ひまりが秋休みを許してもらえたのは、いい子だからだと思う。あのいたずら兄弟たちだったら、ぜったい許してもらえないよ。

 和子(かずこ)さんはひまりに秋休みの宿題を出した。それはフランネルフラワーの鉢植えをお世話すること。フランネルフラワーの花は真っ白で、さわったらフェルトみたいにふわふわしててかわいいの。

「お花のお世話は得意だよ。学校でも毎日、教室のお花に水やりしてたもん」

だけど和子(かずこ)さんは「この子は毎日水やりしたらダメなんだよ」と首をふった。

「多少土が乾いている方がいいのさ。
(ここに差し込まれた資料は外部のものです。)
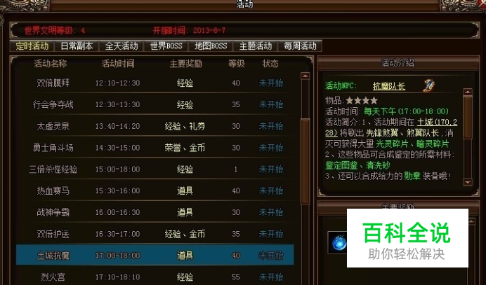 《烈火战神》土城抗魔活动要求:玩家等级等于或大于40级即可在每天下午(17:00—18:00)时间段内在土城坐标(190,208)处进行土城抗魔活动,成功完成活动的玩家可以获得大量的光灵碎片、暗灵碎片和相应的经验值。光灵碎片、暗灵碎片可合成鉴定的所需材料:鉴定图鉴、清洗砂,还可以合成给力的勋章装备。
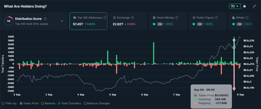 Dù vậy, điểm phân phối (Distribution Score) vẫn đứng ở mức 14 vào thời điểm hiện tại, cho thấy mức độ tập trung cao. Top 100 ví đang giữ 44% tổng nguồn cung BONK.
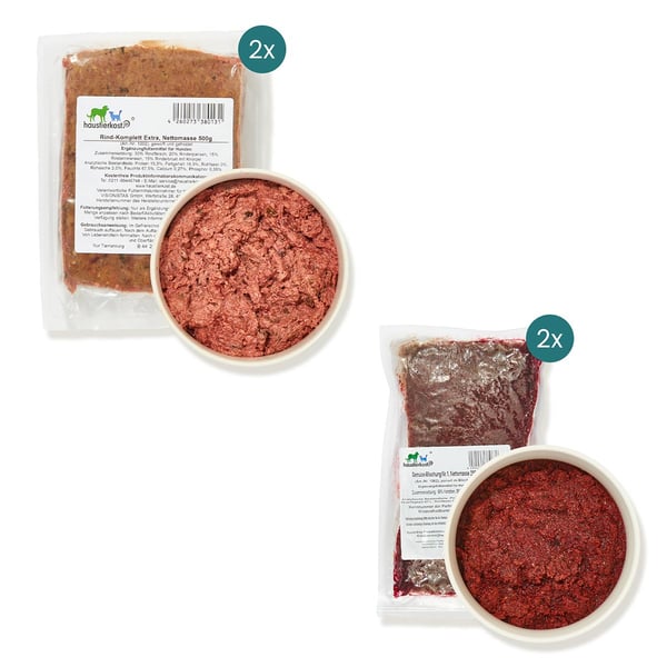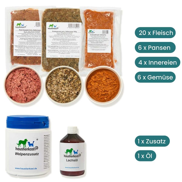 Das Haustierkost Welpen Starterset bietet deinem Vierbeiner einen optimalen Einstieg in die BARF-Ernährung. Mit fein gewolftem Fleisch von Rind oder Geflügel minimierst du das Risiko des Verschluckens und bereitest deinen Welpen auf feste Nahrung vor. Die enthaltenen Obst- und Gemüsemischungen bieten zusätzliche Nährstoffe und sorgen für eine ausgewogene Ernährung.
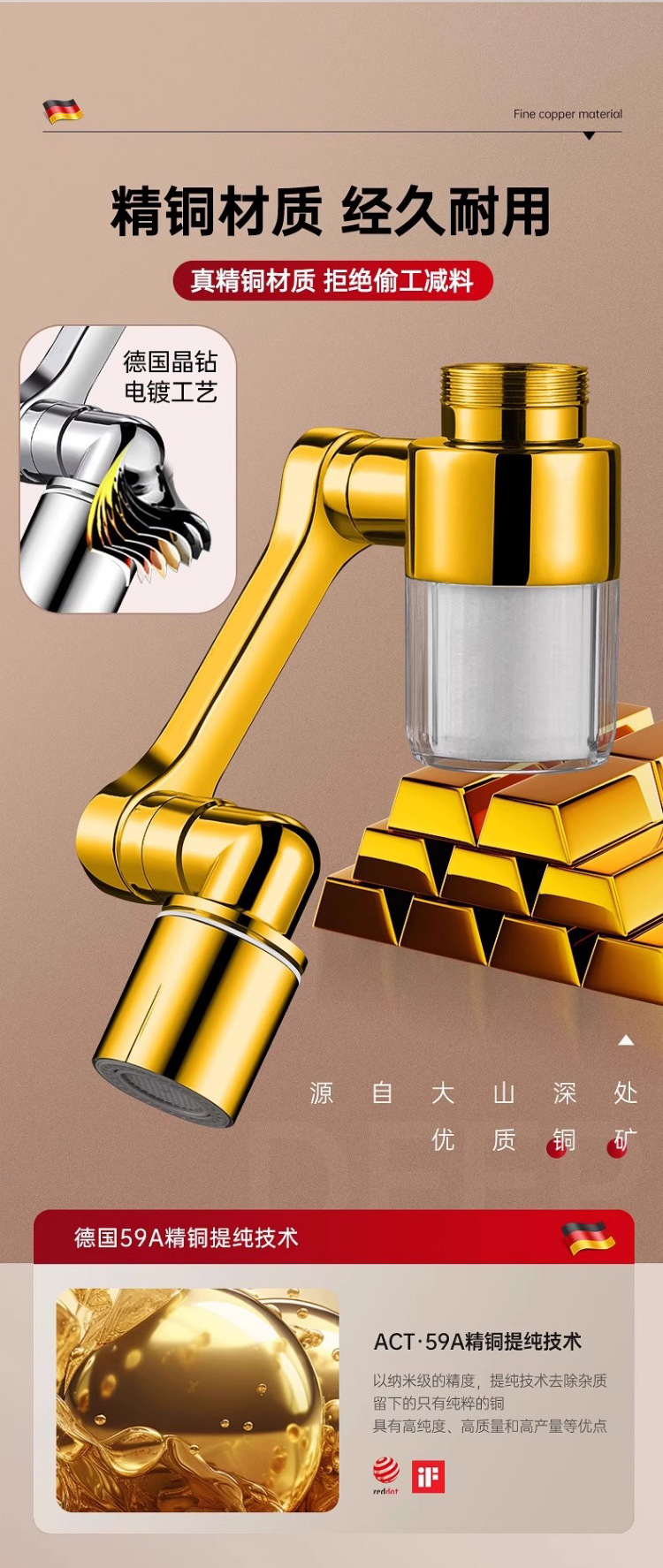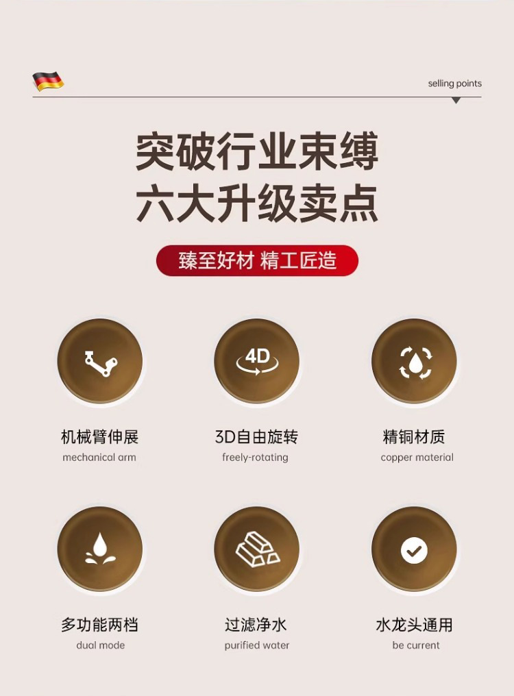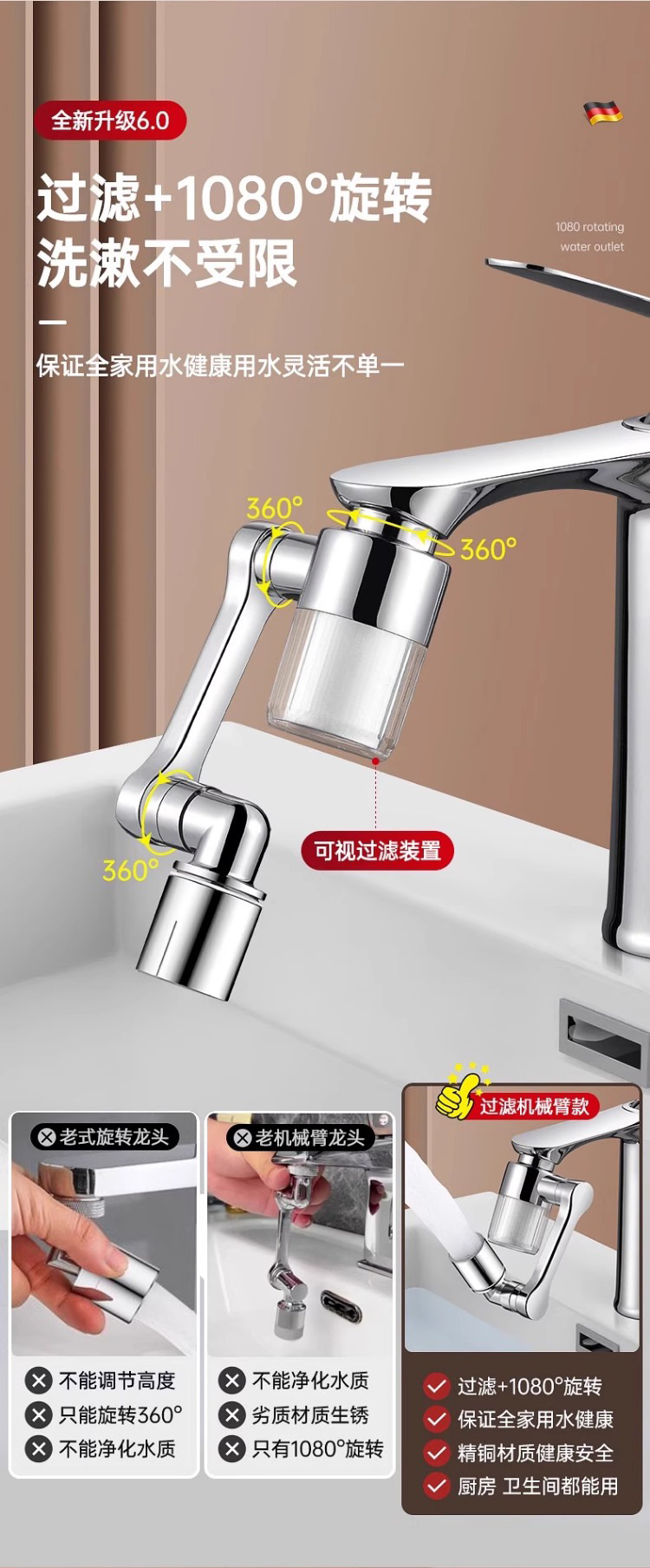 [upgraded model-filter water purification] 1440 ° universal | 2-gear double water outlet +6 original filter elements for free
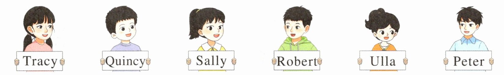 二、Tracy 所在的英语学习小组正在制作统计表。请按照名字首字母在字母表中的顺序,用数字 1~6 给下面的同学排序。
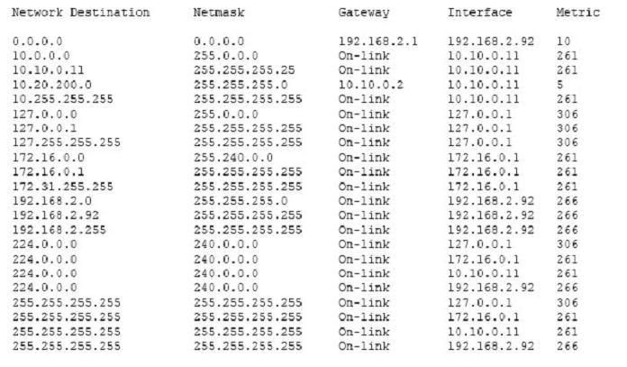 You have a server named Server1 that runs Windows Server 2016. Server1 has the following routing table.

それから9月の終わりまでは、日なたから少しはな

してあげないといけないよ」

 ひまりにとって、これはちょっと意外だった。お花ってみんな、水と日なたが大好きなんじゃないの? でもこの和子(かずこ)植物園のオーナーがそう言うんだから、本当なんだろうな。

 ひまりがやることはフランネルフラワーのお世話だけじゃない。タブレットで先生から宿題が出るし、英会話のオンラインレッスンとバレエ教室もある。それから家事もね。おふろそうじや野菜の下ごしらえを、ひまりはそっせんしてお手伝いしてる。
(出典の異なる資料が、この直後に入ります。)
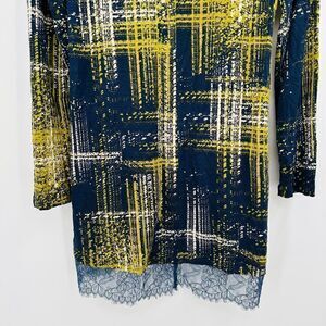 LOGO Lori Goldstein Size XS Navy Blue & Yellow Long Sleeve Lace Trim Tunic Top
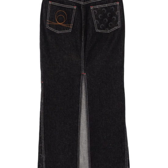 Black organic cotton denim panelled design crescent moon print front button and zip fastening belt loops contrast stitching classic five pockets logo patch to the rear crescent moon embroidery rear slit asymmetric hem long length this item is made from at least 50% organic materials. learn more about what makes a product conscious on our conscious criteria page moon denim long skirt size and fit - this piece fits true to size. we recommend you get your regular size. model is 1,75m / 5ft 8in wearing size 36 (fr)
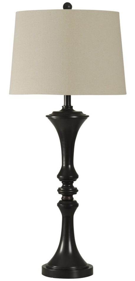 StyleCraft Accent Lamp with dark brown steel base and natural linen shadeRead More
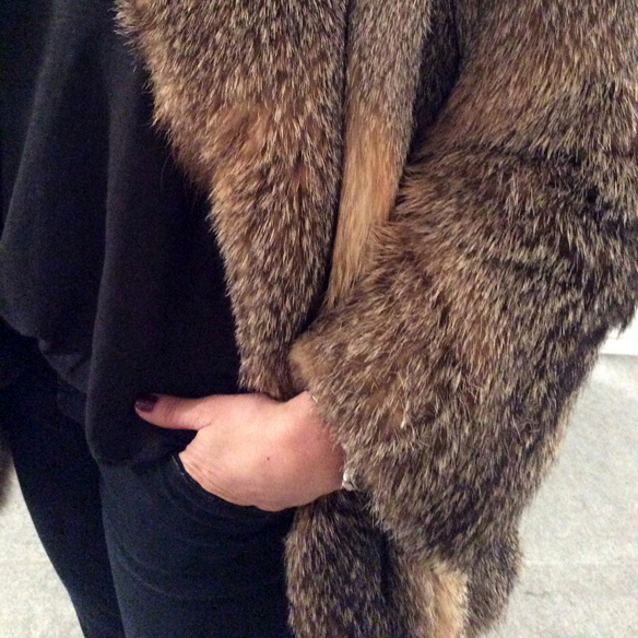 La semana pasada se realizó la 080 en Barcelona. Asistí a varios desfiles y este es uno de los outfits que elegí para la ocasión. Como algunos sabréis hacía un frío helador en el recinto y ya se sabe, ¡¡¡mujer prevenida vale por dos!!! Fiel a mi estilo no podía faltar mi sombrero black que aparte de calentarme la cabeza me encanta la combinación con mi abrigo de zorro que para mí es un must esta temporada, ya que los pelos son lo más trendy este año. Las dos piezas fueron perfectas para la ocasión y estuve de lo más calentita y cómoda. Lo quise combinar con un look basado en el negro y básico: una camiseta de American Vintage que nunca falla y un buen pitillo.

 そんな感じで何日か過ごしたある日、和子(かずこ)さんが言った。

「ひまり、茶摘みをしてみるかい?」

「茶摘みって、あの? 夏も近づく八十八夜ってやつ?」

 今年の春に習った歌だからよく覚えてる。教科書いっぱいの茶畑の写真がきれいだった。

「でもあれって春の行事でしょ?」

「そうね。でもうちの茶の木は特別なんだ」

 そう言って和子(かずこ)さんはひまりをはなれ小屋の方へと連れて来た。庭の南端にぽつんとあるはなれ小屋には、近づいちゃいけないのがルール。だからこっちまで来るのははじめて。

はなれ小屋の前にはひまりの身長と同じくらいの木が1本、鉢に植えられて立っていた。その鉢はただの白い鉢なのに、なんだかうっとりしちゃうほどすてきだった。

「これが茶の木だよ。この枝の先の、小さな新芽がお茶になるんだ」

「ほんとだ。音楽の教科書にのってたのと同じ」

 茶の木の新芽には白い産毛がたくさんついてて、フランネルフラワーみたいにふわふわ

してる。その新芽の少し下を指でつまんで折ると、簡単に摘むことができた。

「お茶って秋にも芽を出すんだね」

「いいや。この白い鉢には不思議な力があってね。だから秋でも新芽が芽吹くのさ」

「すごい! 魔法の鉢ってことね」

「この茶の木は地上の植物たちの声を集めているんだよ」

「植物の声?」

「そう、この鉢で育てた茶葉は大事な儀式でつかうんだ」

 そして和子(かずこ)さんは声をひそめる。

「ひまり。もし私とふたりだけの秘密にできるなら、その儀式に連れて行ってあげる」

「行きたい! ぜったい内緒にする!」

 そんな話をきかされて、行きたくないわけないじゃん! ひまりは全力でうなずいて、指切りげんまんの小指を和子(かずこ)さんにさし出した。

「本当に守れるかい? 親にも言えない秘密だよ?」

「うん。本当に守れる」

 和子(かずこ)さんはひまりの目をじっと見て、それから小指をからめてくれた。

「嘘ついたら針1000本のーます。指切った!」

 いつもみたいにただ歌う感じで指切りしたひまりに、和子(かずこ)さんが真顔で言う。

「本当にのませるからね」

 こわっ。思わず固まるひまりを見て、和子(かずこ)さんはくっくっと笑った。